I’m not talking about the sentiments expressed or the substance of the Pledge, which are quite lovely. I’m talking about the ritual of reciting any loyalty oath. That is always inherently creepy. It cannot serve as an affirmation of the sentiments expressed, only as a defensive response to a hostile, suspicious catechizing.

That’s why despite it’s lofty ideals and flag-waving, there is nothing patriotic about the practice of reciting the Pledge of Allegiance. Patriotism is meant to be love of country, and love is not compatible with the required recitation of loyalty oaths.

Wedding vows are a lovely inaugural statement of a lifelong commitment, but imagine what it would mean to be married to someone who required you to stand beside the bed every day upon waking and recite those vows with your hand over your heart. Ick. Would that feel loving? Would it inspire love in return? Would it even allow love to survive?

** The slender hair of “truth” that Trump’s defenders have offered for this lie has to do with a caucus at the DNC in which a delegate left out the phrase “under God” when he recited the Pledge at the start of their side-session.

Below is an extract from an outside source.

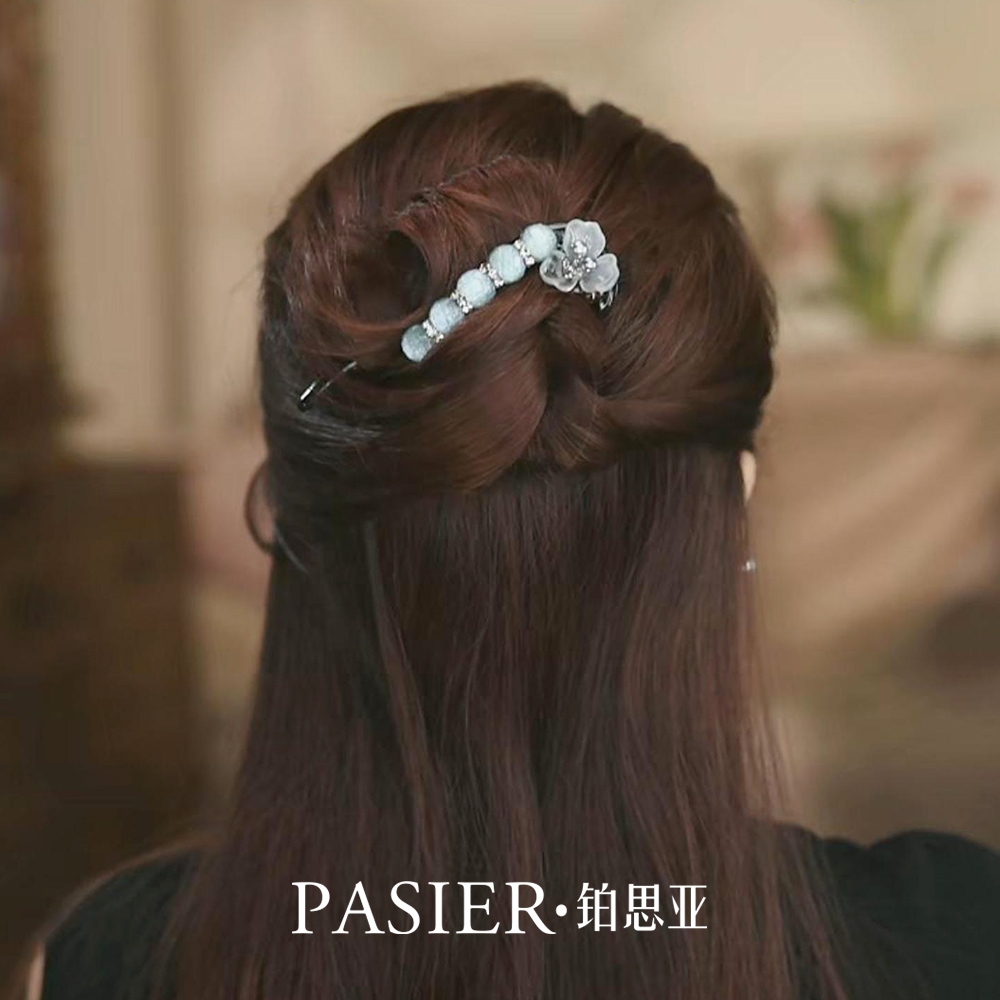 铂思亚青璃发夹女新中式风三叶花盘发扭扭夹优雅气质珠珠抓夹头饰

Court evangelical ratf–ker David Brody of the “Christian Broadcasting” Network pounced on that: “NEW! Democrats leave out, ‘Under God’ from the Pledge of Allegiance at the #DemocraticNationalConvention Muslim Caucus meeting this week.”

Brody was disappointed to have to use that Tweet instead of the long alternative Twitter thread he had composed that was going to be all about how the Muslim Caucus pledging allegiance to “one nation under God” was all about their nefarious desire to impose Sharia law and jail all white Christians. Anticipating the umpteen-hundredth round of such Sharia!!!1! attacks is probably why the delegate at the Muslim Caucus left out the phrase, thereby forcing Brody to go with Plan B, attacking Muslims for being a bunch of irreligious atheists.